A wildfire is tearing through the heart of Maui with alarming speed and ferocity, destroying homes and businesses in a historic tourist town, injuring at least two dozen people and forcing panicked residents to jump into the ocean to flee the flames.
The County of Maui tweeted “Do NOT go to Lahaina Town,” hours before all roads in and out of West Maui’s biggest community were closed to everyone except emergency personnel.
Firefighting effort continuing in West Maui, Pulehu and Upcountry https://t.co/NACz2bPn4e pic.twitter.com/K7Tqt6S8Pf
— County of Maui (@CountyofMaui) August 9, 2023
County spokesperson Mahina Martin said Wednesday that the fire is widespread in Lahaina, including on Front Street, a popular tourist destination. She says traffic has been very heavy as people try to evacuate.
Photos posted by the county overnight showed a line of flames blazing across an intersection and leaping above buildings in the town centre that dates to the 1700s and is on the National Register of Historic Places. Aerial video from after sunrise revealed entire blocks of buildings reduced to ash and thick smoke in the air.
More than 2,100 people spent the night in evacuation centres. Kahului Airport, the main airport in Maui, was sheltering 2,000 travellers whose flights were cancelled or who recently arrived on the island, the county said.
Crews on Maui were battling multiple blazes concentrated in two areas: The tourist destination of West Maui and an inland, mountainous region.
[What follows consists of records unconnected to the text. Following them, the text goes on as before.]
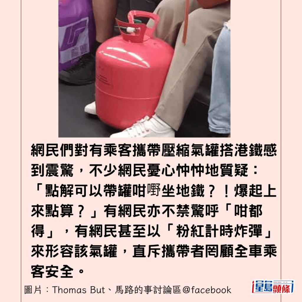 網民們對有乘客攜帶壓縮氣罐搭港鐵感到震驚,不少網民憂心忡忡地質疑:「點解可以帶罐咁嘢坐地鐵?!爆起上來點算?」有網民亦不禁驚呼「咁都得」,有網民甚至以「粉紅計時炸彈」來形容該氣罐,直斥攜帶者罔顧全車乘客安全。
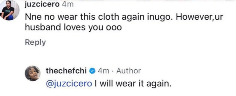 However, one follower wrote: “Nne no wear this cloth again inugo. However, your husband loves you ooo.” Chioma responded: “I will wear it again.”
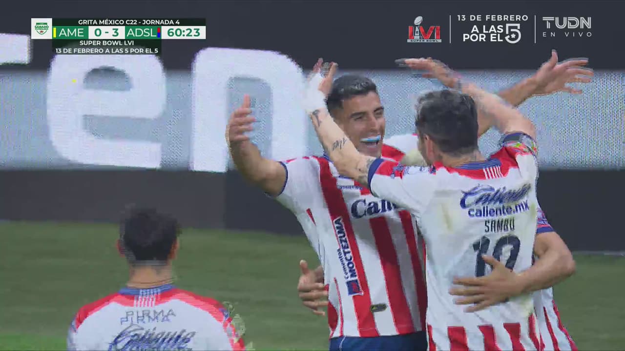 En la segunda parte una increíble jugada que San Luis hizo a su favor, Rubens Sambueza le dio el pase que terminó en los pies de Sanabria quie llegó al fondo del área y ante el achique de Memo Ochoa los de San Luis tuvieron la oportunidad de finiquitar la jugada. Abel Hernández definió con total facilidad al fondo de las redes.
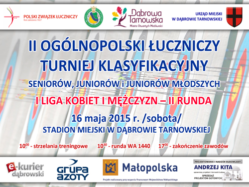 W trzech miejscach Polski, w tym samym dniu rozgrywany był "Ogólnopolski Turniej Klasyfikacyjny". Do Dąbrowy Tarnowskiej przyjechało 15 klubów z południowej części kraju. Zawodnicy rywalizowali w konkurencji WA 1440 strzelając po 36 strzał na czterech odległościach odpowiednio wg kategorii wiekowej, co dało końcową klasyfikację. Dekoracji zwycięzców dokonał Zastępca Burmistrza Dąbrowy Tarnowskiej Stanisław Ryczek. Najlepsi zawodnicy i zawodniczki otrzymali dyplomy oraz nagrody rzeczowe ufundowane przez "Grupę Azoty" oraz klub "Dąbrovia". Najlepiej z zawodników MLKS Dąbrovia Dabrowa Tarnowska zaprezentował się Grzegorz Warias zajmując I miejsce w kategorii juniorów młodszych, zdobywając 1266 punktów. W imprezie wystartowało blisko 70 zawodników. Czytaj dalej

In West Maui, 911 service was out and residents were directed to call the police department directly.
The Coast Guard on Tuesday rescued 14 people — including two children — who had fled into the ocean to escape the fire and smoky conditions, the county said in a statement.
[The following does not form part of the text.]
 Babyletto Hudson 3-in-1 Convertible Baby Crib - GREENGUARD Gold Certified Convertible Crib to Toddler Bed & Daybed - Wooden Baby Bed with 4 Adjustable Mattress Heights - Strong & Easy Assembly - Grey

Six patients were flown from Maui to the island of Oahu on Tuesday night, said Speedy Bailey, regional director for Hawaii Life Flight, an air-ambulance company. Three of them had critical burns and were taken to Straub Medical Centre’s burn unit, he said. He had not heard of any deaths.
There is no power nor phone service to much of the island.
Tiare Lawrence was frantically trying to reach her siblings Wednesday morning, but there was no phone service. Her home in the Maui community of Pukalani, east of Lahaina, was refuge for 14 cousins and uncles who fled Lahaina.
“It was apocalyptic from what they explained,” Lawrence said. “The heat. Smoke and flames everywhere. They had to get my elderly uncle out of the home.”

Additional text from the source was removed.